Литмир - Электронная Библиотека
Содержание  
A
A

Около девяти вечера Еугенио спустился в холл, напевая машинально «Я все еще мечтал о ней». Возле почтового отделения он встретил Беатрис Алигьери. То же мимолетное ощущение осенней свежести исходило от ее рыжих волос и ярко-синих глаз. Ее духи напоминали запах цедры лимона, слегка приправленной жасмином и свежей мятой. Она спросила, понравился ли ему Летний дворец. Он ответил «да», так как не мог ответить «нет», впрочем, у него и в самом деле осталось довольно приятное впечатление от Летнего дворца. Затем она поинтересовалась, не узнал ли он чего-либо нового о судьбе Анн-Лор. Он сказал то, что знал: она не возвратилась во Францию.

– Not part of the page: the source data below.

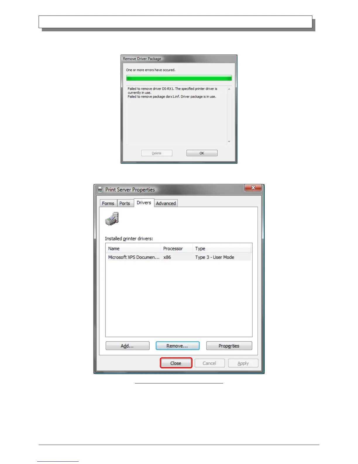 (11) Using the Print Server Properties window, confirm that “DS-RX1” has been removed, and click on the “Close”
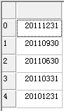//返2011年回按照季报标准的前5个报告期列表
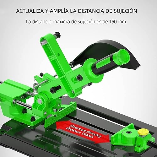 【Alta precisione】 Il pratico supporto per smerigliatrice angolare Hancaner ha una dimensione di 340 x 310 x 250 mm, l'angolo di serraggio massimo può raggiungere i 45 gradi, il braccio fisso può essere regolato per adattarsi a più smerigliatrici angolari.

— Тогда я надеюсь, что она в Сиане, — предположила Беатрис. — Но почему вы не попытаетесь связаться с Пьетро Савелли? Может, он в курсе.

Еугенио подумал, что, несмотря на полноту, она довольно милая девушка и что они могли бы перейти друг с другом на «ты».

Глава 13

Он совершенно не страдал по стадной жизни

Темные шторы раздвинулись, и Чжоу Енлинь вошел первым. Просторный салон был сильно загроможденным. Толстые ковры заглушали шум шагов. В салоне стояли две софы, два маленьких лакированных круглых столика, уставленных мелкими безделушками, и множество других небольших вещиц, черных и изящных. Единственное внутреннее окно выходило на лестницу. Несколько ароматизированных свечей слабо освещали комнату. Особенно чувствовался запах воска, к которому примешивался еще один, менее различимый, хотя тоже приятный, похожий на запах перезревшего яблока. Едва заметные в полумраке шесть альковов, расположенные звездой, вели в другие комнаты. В каждом из них было по две двери, украшенных извивающимися драконами. Чжоу, прекрасно ориентируясь в обстановке, исчез в одном из альковов. Кто-то вышел ему навстречу — Еугенио заметил только бесшумно мелькнувший силуэт — и увел за быстро захлопнувшуюся дверь.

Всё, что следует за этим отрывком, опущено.